Project description:Maternal and child under nutrition is highly prevalent in low-income and middle-income countries, resulting in substantial increases in mortality and overall disease burden. The aim of this baseline survey was to determine the association between selected maternal characteristics, maternal nutritional status and children's nutritional status.A survey with a cross sectional design was conducted between September and October 2012 in Hula, Ethiopia. The study subjects were 197 mothers of children between the ages of 6 and 23 months.
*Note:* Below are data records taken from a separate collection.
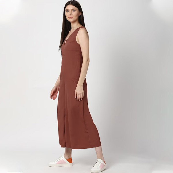 Brown solid basic jumpsuit ,has a v-neck, sleevelessSize & FitThe model (height 5'8) is wearing a size SMaterial & CarePolyesterMachine wash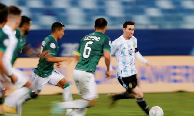 O craque argentino Lionel Messi brilhou nesta segunda-feira (28) e ajudou a Argentina a golear a Bolívia por 4 a 1, na Arena Pantanal, em Cuiabá, na noite desta segunda-feira (28), em jogo válido pela 5ª rodada do Grupo A da Copa América.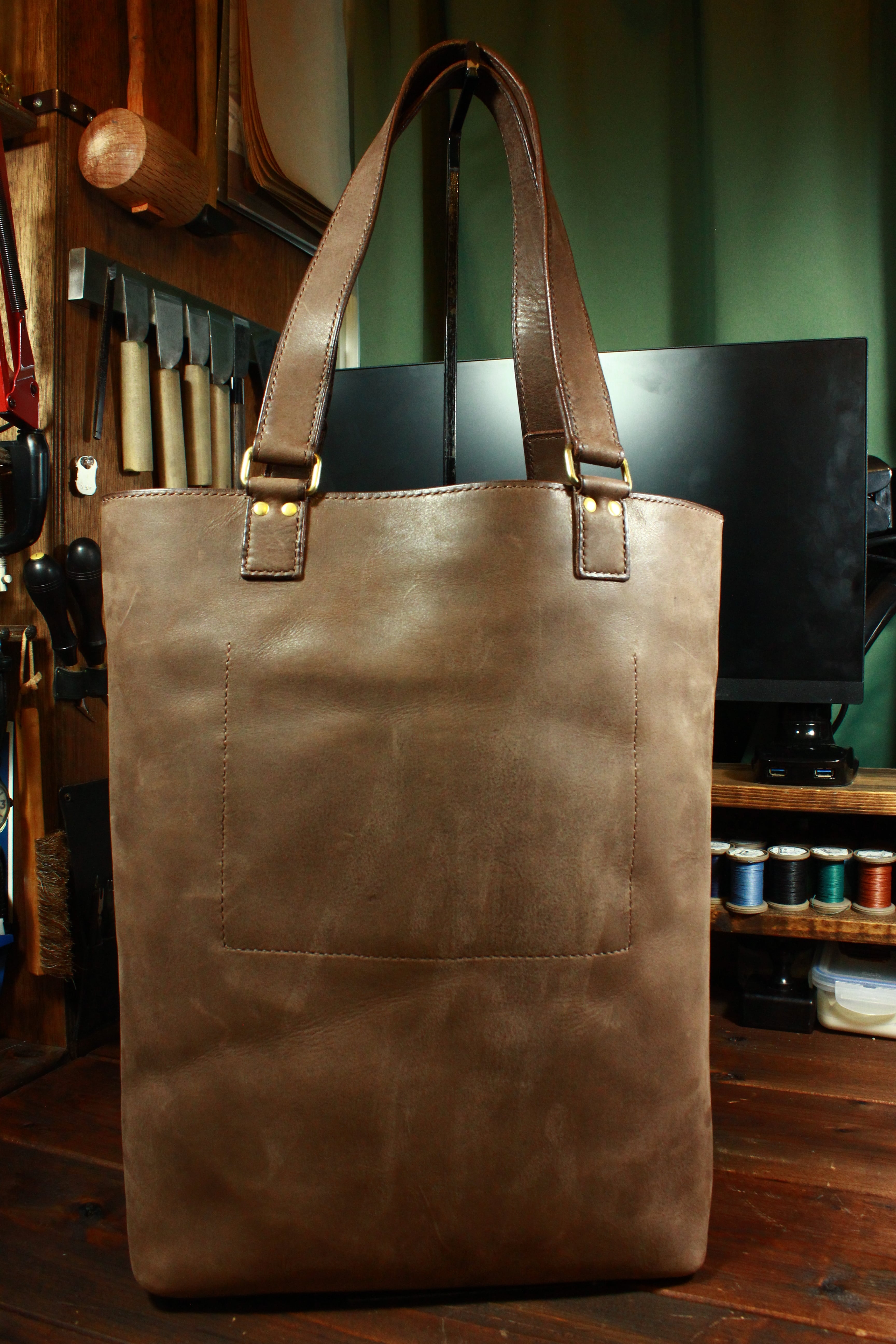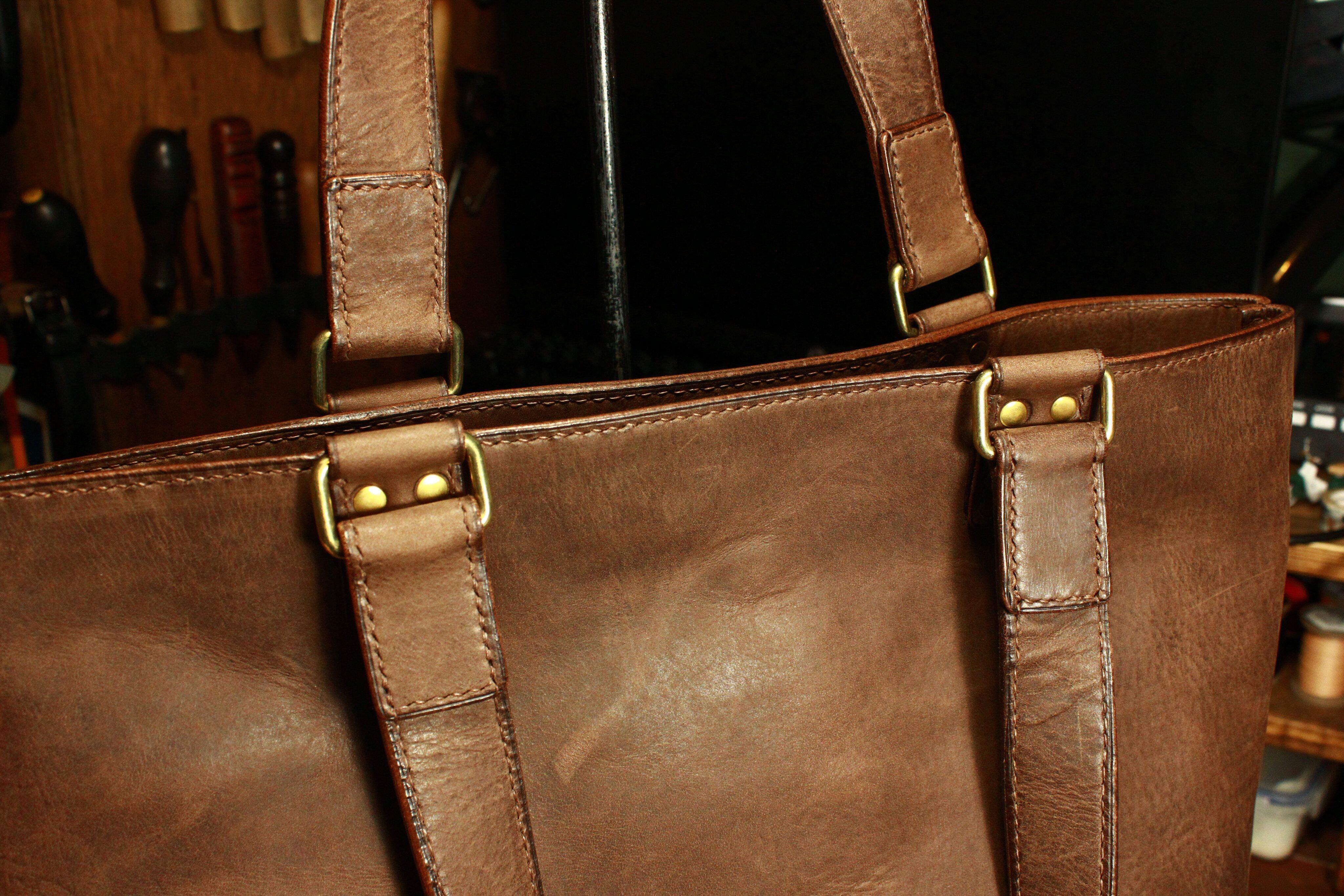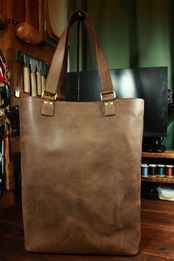 総手縫いの縦型トートバッグ(一枚革仕立て)(サッビアレザー)
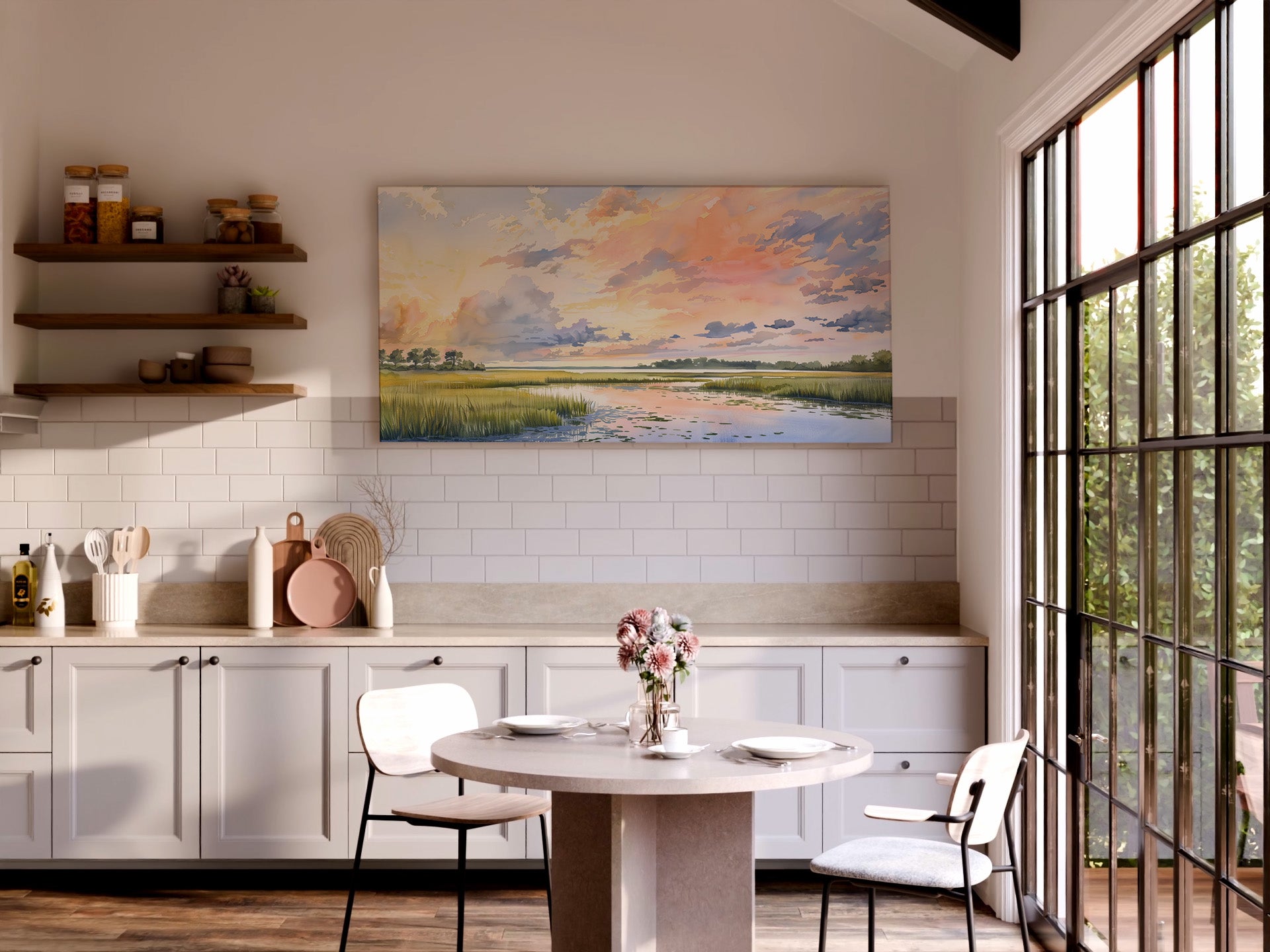 Bring the peaceful beauty of a coastal marsh sunset into your home with this soft, dreamy landscape artwork. Gentle pastel skies, warm golden light, and calm reflective water create a soothing, elegant piece that brightens any room. It’s the perfect blend of nature, color, and tranquility.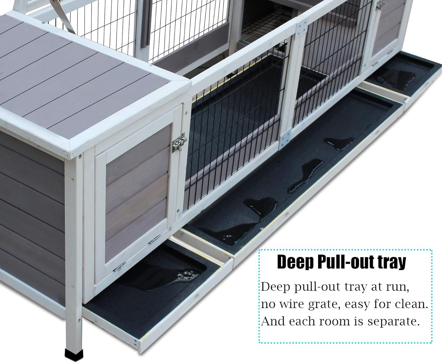 - Easy to clean: It's easy to gain access to the inside by opening the side doors and the top wire for daily cleaning. Your pets can stay in the wood hut with the sliding door locked up while you are cleaning the pull out tray

Weight and height (mothers) or recumbent length (children) were measured using calibrated, standardized techniques. Seven percent of children were below -2 weight for height Z score (WHZ), 11.5% were below -2 height for age Z score (HAZ) and 9.9% were below -2 weight for age Z score (WAZ). Maternal anthropometrics were associated with child nutritional status in the bivariate analysis. Maternal BMI (r = 0.16 P = 0.02) and educational status (r = 0.25 P = 0.001) were correlated with WHZ of children while maternal height (r = 0.2 P = 0.007) was correlated with HAZ of children. After multivariate analysis, children whose mothers had salary from employment had a better WHZ score (P = 0.001) and WAZ score (P<0.001). Both maternal BMI and maternal height were associated with WHZ (P = 0.04) and HAZ (P = 0.01) score of children.Having a mother with better nutritional status and salaried employment is a benefit for the nutritional status of the child. The interrelationship between maternal and child nutritional status stresses the value of improving maternal nutritional status as this should improve both maternal and child health outcomes. Therefore strategies to improve nutritional status of children should also include improving the nutritional status of the mother and empowering her financially.